── INPUT DATA ──

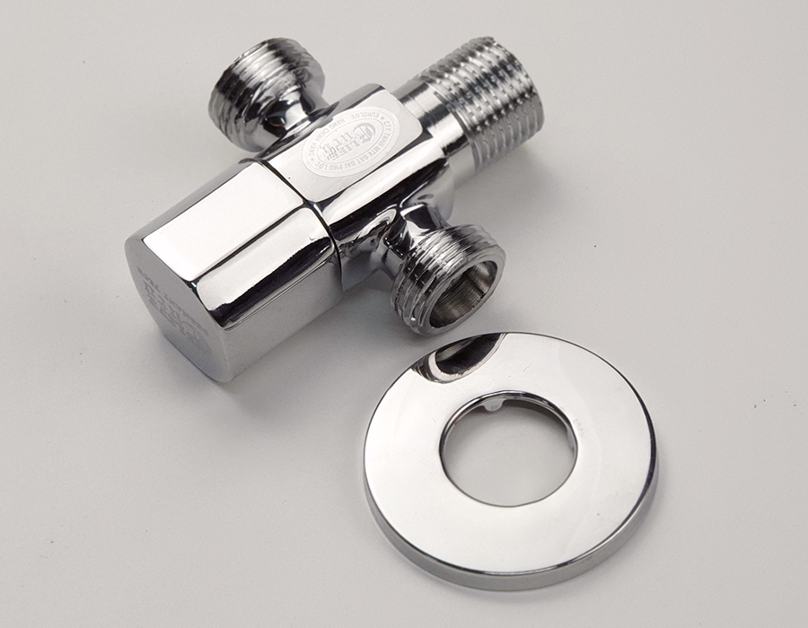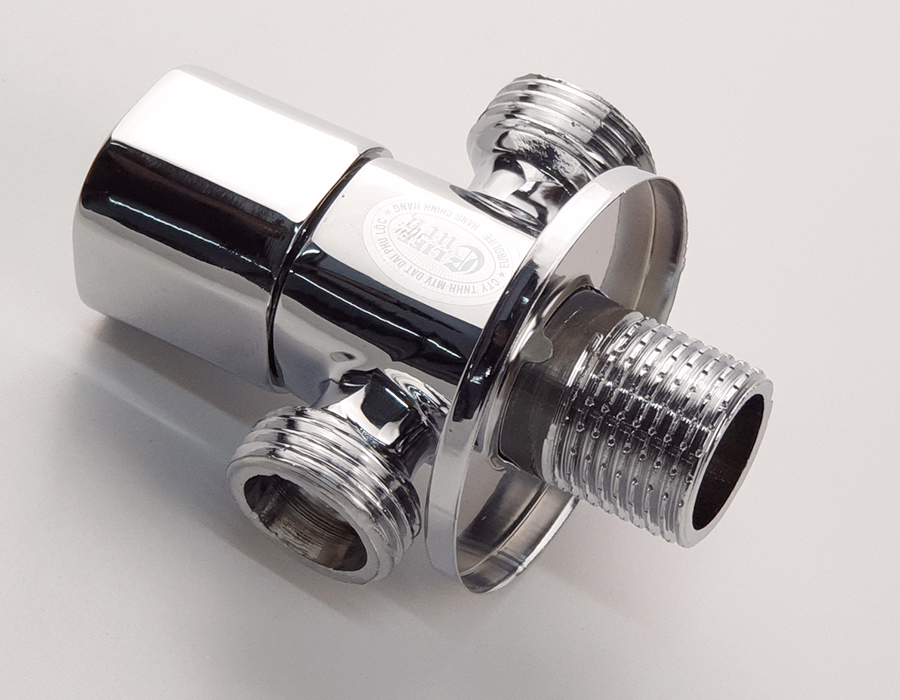 Van khóa chữ T chia hai đường nước 1 ngã cấp nước vào bồn cầu dây xịt vệ sinh, 1 ngã dùm để giảm áp lực nước Thân van được làm bằng đồng mạ chrome,
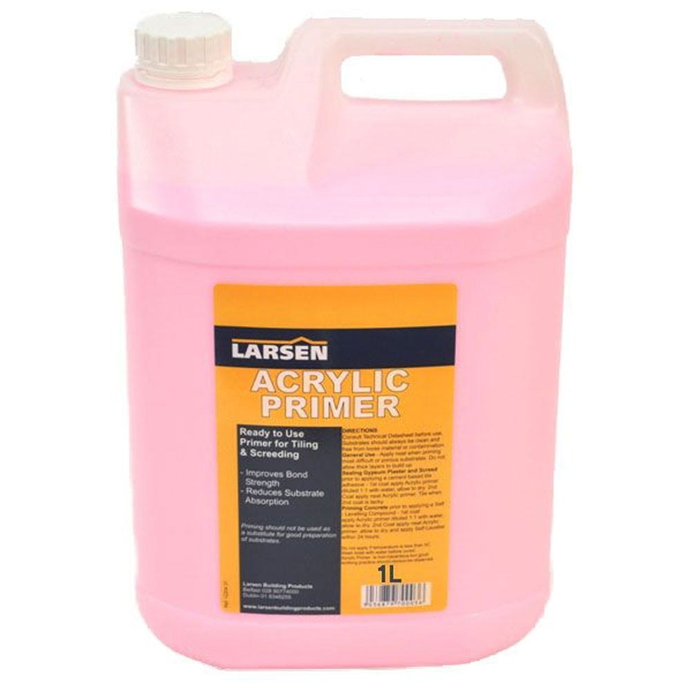 Introducing the Larsen Acrylic Primer for Porous Substrates - 1L! This product is the perfect solution for those difficult substrates that are hard to work with when tiling. Whether it's gypsum plasters or screeds, this ready-to-use primer will make the job a breeze. The water-based polymer emulsion and improved adhesion ensure that your tiles will be secure and long-lasting.
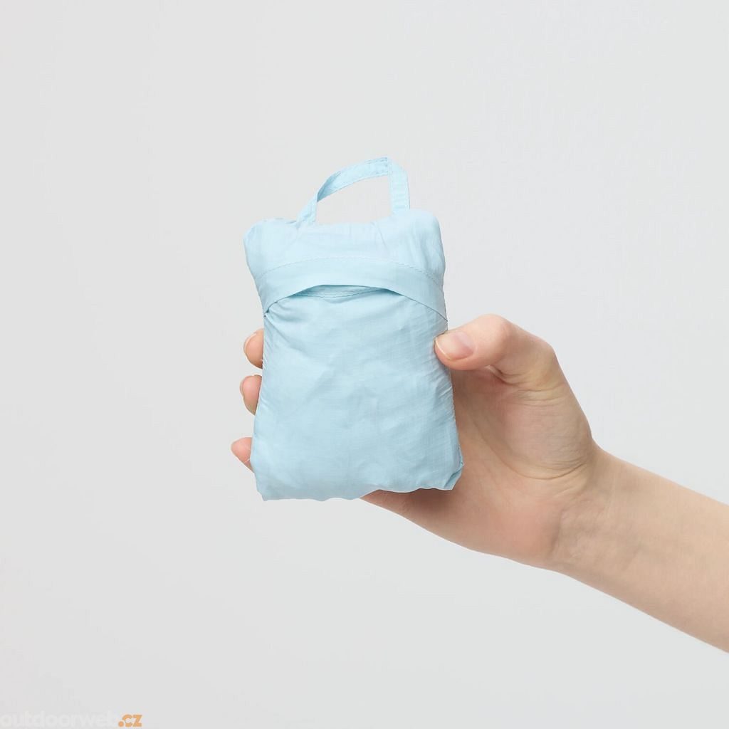 Vyrobena z recyklovaného polyamidu bez škodlivých PFAS látek a snadno se schová do kapsy na batohu.
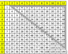 Per cert, la taula sencera de multiplicar (12 × 12) és digna de ser explorada. Quins són els productes que donen el mateix resultat? Quins són els nombres que es repeteixen més cops a la taula? Per què? I us podeu plantejar moltes altres qüestions.
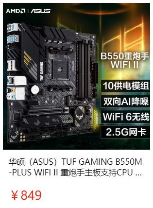 若你更青睐于AMD平台,则可以选择B550新晋板皇,华硕B550重炮手WIFI二代主板(TUF GAMING B550M-PLUS WIFI II)。其外观上继承了TUF GAMING电竞特工系列的美学设计,兰博基尼黄配色加上军事迷彩元素,尽显疾速、稳定,引领锐龙主机平台新风向!现该主板京东售价849元,可享6期免息福利,购买链接:https://item.jd.com/100016125117.html
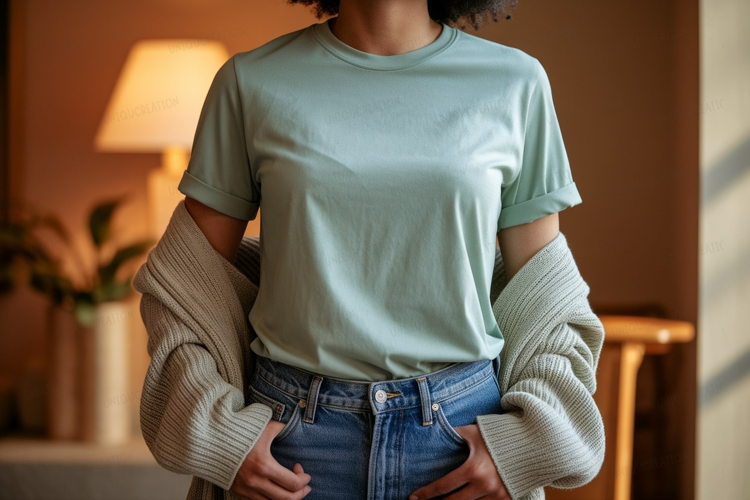 Fashion Shirt Clothing Casual Green Mockup Apparel Jeans Denim T
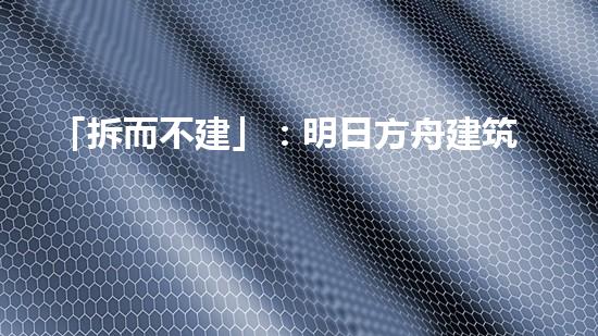 「拆而不建」:明日方舟建筑拆除与可持续发展问题探析
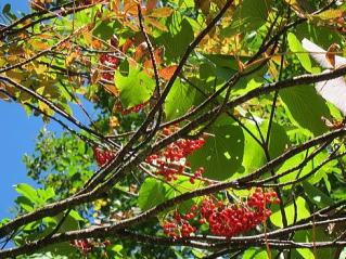 僅かな木々の色づきとナナカマドの赤い実に秋を感じながら高度を上げる。 |
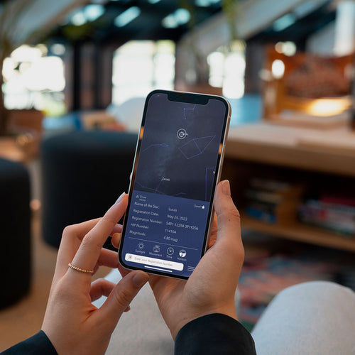 Moreover, you'll gain access to our exclusive app, enhancing your star-searching experience. The app uses your phone to guide you, showing exactly where to look in the sky to find your named star at any given date and time.
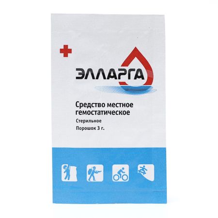 Средство местное гемостатическое, «ЭЛЛАРГА» порошок, стерильное, количество 3,0 г — МЕДИЦИНСКОЕ ИЗДЕЛИЕ По физико-химическим показателям средство соответствовует требованиям (Исполнение 1, 2) 1. Внешний вид: Порошок от светло-кремового до коричневатого цвета 2. рН водной вытяжки, не менее 4,0 3. Влажность, %, не более 10 Средство в упаковке стерильно. ОБЛАСТЬ ПРИМЕНЕНИЯ МЕДИЦИНСКОГО ИЗДЕЛИЯ Область применения — десмургия. Средство местное гемостатическое, «ЭЛЛАРГА», стерильное (далее по тексту «средство»), предназначено для остановки наружного кровотечения различной интенсивности, в том числе при повреждении крупных венозных и артериальных сосудов, преимущественно на до- госпитальном этапе. Показания к применению Средство может применяться для оказания первой медицинской и неотложной помощи при кровоточащих ранах и повреждении сосудов, а в условиях стационара для остановки кровотечения при неэффективности традиционных методов гемостаза.
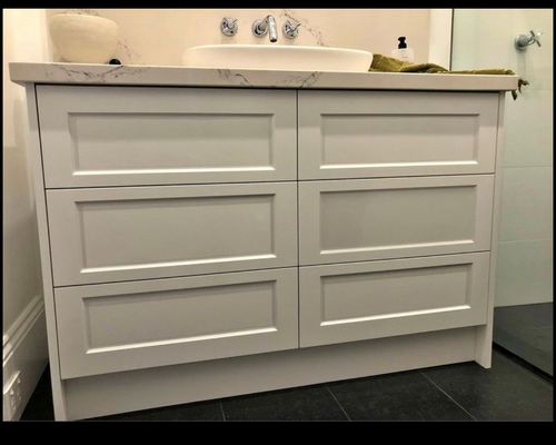 I would also like to create a vanity with an integrated front loader washing machine. To do this, I would like to use a kaboodle timber bench (havea timber). I have 6 drawers fronts ( each measuring 583 x 223) and end panels that I can use but would need to purchase internal carcass and I would love some advice on what I should be purchasing. I will include a photo of the drawers (photo is of vanity but I only have the drawer fronts and end panels) and a photo of what I have in mind for laundry/vanity.

───

* [TASK ITEM] Above, find the line holding "僅かな木々の色づきとナナカマドの赤い実に秋を感じながら高度を上げる。 |" and the line holding "Moreover, you'll gain". Print exactly those two lines and every line between them, but no pictures.

* [TASK RESULT]
 僅かな木々の色づきとナナカマドの赤い実に秋を感じながら高度を上げる。 |
 Moreover, you'll gain access to our exclusive app, enhancing your star-searching experience. The app uses your phone to guide you, showing exactly where to look in the sky to find your named star at any given date and time.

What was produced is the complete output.